In this weary season of budget slashing, the latest of many, the Georgia Legislature is considering a cut — about $80,000 — to funding for free legal representation of folks, women and children mostly, who are victims of domestic violence.

The money would come out of grants from the state Judicial Council made to legal aid organizations and private lawyers in the state who provide free representation in family violence cases. The Judicial Council’s total budget is being cut by 4 percent.

Amid the millions of dollars of cuts, this may seem like small potatoes. In theory, yes.

But to Amy Anderson, it means life itself.

Her husband had threatened to kill her and her children if she left him.

But as happens so often, the dangers of staying with the batterer began to outweigh the dangers of leaving. His violence was increasing in frequency and severity.

Mustering her courage, she contacted Georgia Legal Services Program, and we helped her obtain a Family Violence Act Temporary Protective Order.

The TPO restricted her husband’s contact with Anderson and ordered him to undergo drug and alcohol treatment before he could see the children.

In the process, the sheriff’s office confiscated 24 weapons from the batterer.

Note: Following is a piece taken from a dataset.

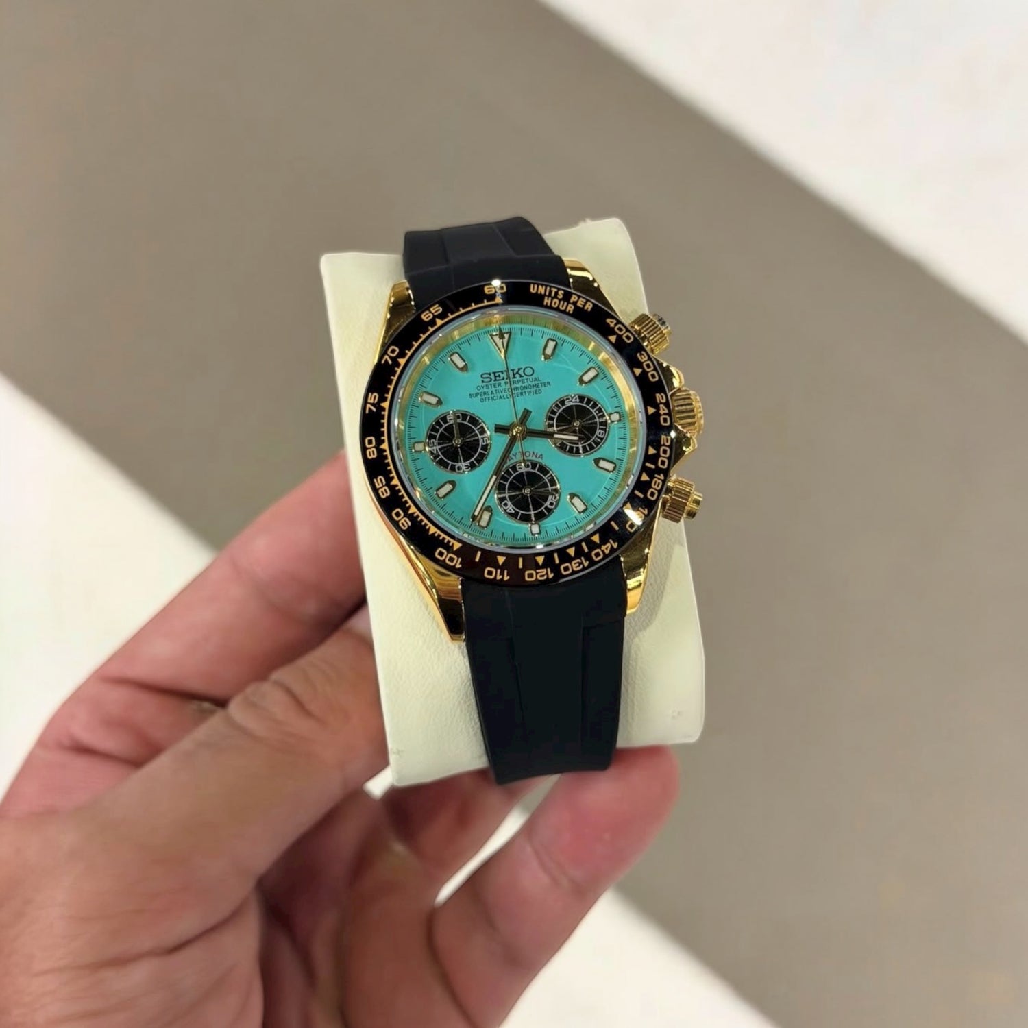 La Daytona Tiffany Blue séduit par son cadran bleu éclatant, mis en valeur par un boîtier doré et une lunette noire. Son design moderne allie élégance et caractère, tandis que son bracelet noir offre confort et style. Une montre distinctive pour ceux qui aiment se démarquer avec raffinement.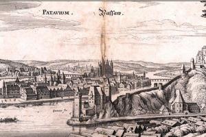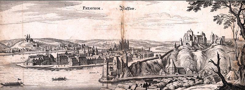 Dobové vyobrazení obou hradů a Pasova od východu.

Anderson, her children and the community are all safer as a result of this work, done by lawyers funded by money from the Judicial Council.

The cut to the Judicial Council’s domestic violence funding would mean a reduction of about $51,000 a year, or about $25,000 for the remainder of this year for GLSP.

That is enough to fund representation of 64 clients in domestic violence cases.

That’s 64 women like Amy Anderson, women fighting for their lives, facing homelessness, injury and even death, in cases where a lawyer could help them safely leave the abusive relationship, gain custody of their children and find a place to live.

We do this for hundreds of family violence survivors every year, but as our budget shrinks, so do the numbers of clients we can serve.

Between 2003 and 2009, 834 victims were killed by their batterers. Children were present in 42 percent of those cases, according to the Georgia Commission on Family Violence.

Is the saving of so little in a $15 billion state budget worth it?

Vicky O. Kimbrell is director of the Family Violence Project at the Georgia Legal Services Program, which provides free legal representation in civil matters to low-income Georgians in 154 counties outside metro Atlanta.